Planet Ill: Was there ever a song that you heard that started you on this path?
Max: I think from the time I started making music until the time I was 16 that was happening to me once a week. There’s so much music in the world and our generation is privileged enough to be one of the first that had easy access to all of that music. You read about what things John Lennon was into and for years that guy had a jukebox that was what he listened to and he had like 50 45’s in it. 50 singles and that was his whole universe of music aside from what he encountered in everyday life. We grew up having hundreds of gigs of music all around us from all over the world so it’s really easy when you’re discovering and learning that to get excited. The first time I heard John Coltrane I thought that’s what I want to do. Until I realized it wasn’t.

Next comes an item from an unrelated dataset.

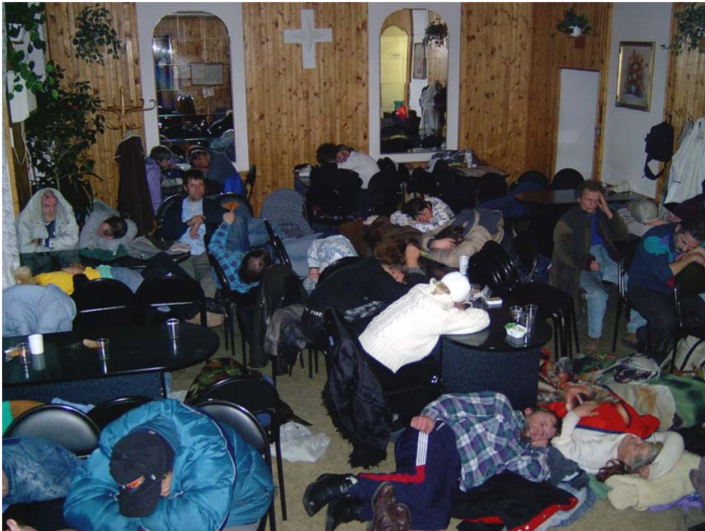
Zima je postrachem bezdomovců. Nedostatek ubytovacích míst se projevuje v plné síle. Také denní centra, jako toto v Praze u hlavního nádraží, bývají vyhledávána jako noční útulek.

A.D.: I think Michael Jackson, still. I still get that feeling when iI hear Michael Jackson songs, in particular when I feel like this is exactly the sound that it would be great to make. You obviously don’t want to copy other people but there are these kinds of moments like the Beatles or Coltrane or things that Max and I always find ourselves coming back to. You know there are records that you get excited about and then you kinda get over it and then there are things for ten years, every year you rediscover it and you just remember how astonishingly special it is.
Max: I think it’s also part of growing up and artist to realize even though you wished you wrote certain songs or you wished you played certain parts and you realize you didn’t so it’s sort of your task to go “What is my contribution?” What can I do that is unique to me and is of value?

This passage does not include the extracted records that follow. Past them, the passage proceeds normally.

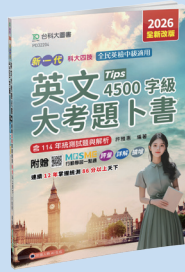
PD322 英文大考題卜書 (Tips)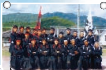
今年もカッパ良かったです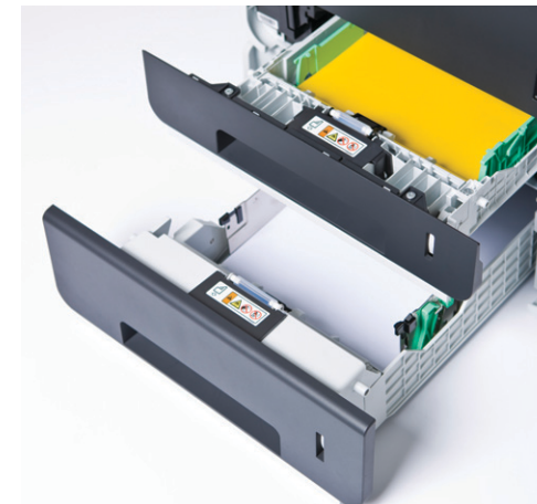
보다 편리한 용지 사용을 위한 보조 용지함 옵션

Planet Ill: You say Michael Jackson. There’s a marriage of soul and of pop there that is rarefied. How do you reach the masses and still keep your heart?

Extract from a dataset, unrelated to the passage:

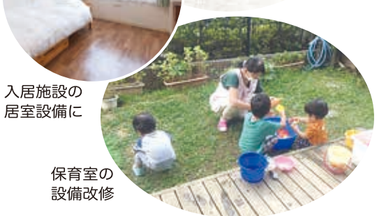
入居施設の 居室設備に

A.D.: I think part of being an artist and by that I mean thoughtful and creative person who makes things, you have to realize that you’re not a people pleaser. That’s what business people do. Artists create. You just have to make what is true to you and what you want to do and the people that you are creating with. I think as soon as people start trying to make something just to appeal to some economic segment, it immediately cheapens the value of what you’re doing in the first place. And there’s a difference too between an entertainer and an artist. And sometimes they may coincide but the Elvis impersonator maybe a better entertainer than Max and I are but we’re more focused on creation. Entertaining is just a way to present that creation. Luckily the fans that we have are not buying into necessarily a specific sound or a particular aesthetic; they’re more into the creativity that we try to represent or that we try to manifest in our music and the inventiveness or the diversity or whatever qualities they care about. It’s not about just a sound.

Planet Ill: The Devil offers you immortality in terms of your music; the chance to be remembered like the Beatles. Immortal like Michael or Elvis or James Brown. What would you give up to me mentioned in that kind of rarefied air?
Max: I would give up like current fame probably. It would probably be cooler to have an average middle class life and an artist and have your work remembered later as extraordinary. It’s probably better for you than to be celebrated.